# Ready to live life for us



## Packrat (Mar 21, 2010)

My wife and I lived in southeast Texas our whole life, then moved to Utah to try the snow. Bad idea for our old bodies. We can't take it. Now we are thinking of in a year from now to move to Chapala, and try a new way of life. Question is, all the posts I read about the rules, and regulations begin to blur together. Like you need an apostilled birth certificate to get an FM3, then you don't need it apostilled to get an FM3. Crooked Customs inspectors.??? Better to sell everything, and start over, but the next post says electronics are twice what they are NOB. Cost of living lower there...Cost of living higher. Better to not have a car( too expensive to insure, etc...) better to have a car to get around...?? Meds are cheaper, then they aren't.
I realize that a lot of the information is generalized, and that it would be applied to each persons seperate situation in life. But the wide spectrum of the information can be mind-boggling to some people who are looking for a base line equation to formulate the possibility of moving there, and simplifying their life. I understand, also, that the Mexican government changes the rules frequently, so that could be a wild card in the equation. Honestly, I don't blame some of the posts for creating confusion.

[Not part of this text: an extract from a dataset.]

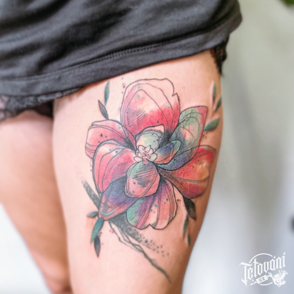 Tetování květina na stehně

If I had a place as nice as what Chapala appears to be, I would make gringos work to get there, too. Then they would appreciate it more.
Please don't take me the wrong way, I don't want to start out on the wrong foot. I will keep reading away.


----------



## stevenvillatoro (Jan 25, 2010)

Packrat, that was a great post and I can definitely relate to your perception of the seemingly-conflictive and complicated new information that one needs to process before taking the plunge into Mexican life. It's a lot like listening to the panel of judges on American Idol... "Do this." "No, do that." Hilarious. Best of luck – I'll leave the bi-polar advisement to others who are far better qualified. (Or not!)


----------



## conklinwh (Dec 19, 2009)

Whether you choose Chapala area, San Miguel or someplace else the one constant you will hear is that you really need spend time there and make your own decisions. This probably needs be at least a month and you need to test a couple seasons. This much better than relying on monitoring blogs no matter hoe knowledgeable or well intentioned. You can also take this time to decide what really matters and what tradeoffs that you are willing to make. This will also put you in a much better position to evaluate other responsdes.


----------



## RVGRINGO (May 16, 2007)

Why is it that confusion spreads faster than facts and logic?


----------



## Packrat (Mar 21, 2010)

*" And miles to go before I sleep"*



RVGRINGO said:


> Why is it that confusion spreads faster than facts and logic?



I'm not the first, and probably won't be the last to say I would welcome all the facts anyone could offer. I was taught early on there is no disgrace in not knowing, but there is in not learning. I was just voicing my frustration, and had no intention of spreading confusion. I will take a back seat, and learn. I have a ways to go, it seems.


----------



## Packrat (Mar 21, 2010)

Steven,
Thanks for feeling my pain. I guess I will work it out.


----------



## RVGRINGO (May 16, 2007)

I didn't mean that as criticism. Quite the contrary; we expect chaos and confusion a month from now, when INM changes the rules a bit. Consulates will no longer issue FM3 documents, the time requirement for getting one in Mexico seems to be changing and the old FMT tourist permit, with the number of days at the discretion of the individual INM agent, will be discontinued in favor of an electronic (computerized) FMM card, good for 180 days. Checking in and out of Mexico with INM will be enforced, etc. The FMM will have three categories: Tourist, non-lucritive business traveler and lucrative business traveler, as I understand it at this point.
So, traveling shortly after May 1st, 2010, may involve some confusion with airlines, border officials and probably with many posters, who may not be aware of the changes.


----------



## conklinwh (Dec 19, 2009)

There are an unlimited number of facts but they are best applied to specific questions.
Would think that you should either start with a set of questions that are most important to you or spend time in Mexico to start your own evaluation.


----------



## Packrat (Mar 21, 2010)

I appreciate the heads up RVGringo. I will watch and see how it goes. Maybe after the dust settles it can all be sorted out. Could be a change for the better, never know.


----------



## RVGRINGO (May 16, 2007)

The immigration changes are intended to simplify the process. However, we just learned yesterday that INM will no longer come to Chapala on Wednesdays, as they have done for years. Now we will have to go to the federal building in Guadalajara to do our renewals and other INM business. The reason given is 'lack of funds'.


----------



## Packrat (Mar 21, 2010)

Thanks much for the info. I would imagine that will be a drag having to drive to the city to handle business. I would venture to guess, though, an increase in all the fees would entice them back. They are government, and Capitalism is universal. 
What next.....??


----------



## RVGRINGO (May 16, 2007)

I've heard that they are short of funds and don't have enough computerized equipment to produce or read the new plastic cards which will come into effect in May. Recently, they had planned to open a full time INM office in Chapala. "This is Mexico, anything is possible."


----------



## RVGRINGO (May 16, 2007)

Now, we hear that they will come to Chapala, as usual. So, the confusion continues.
The plans for a permanent INM office in Chapala are still 'in the works', as they have been for a year.
My personal guess: It all depends upon the availability of new equipment and the speed with which they can train agents to operate it. It will be much like getting a new membership card at Sam's or Costco, but with governmental confusion added.


----------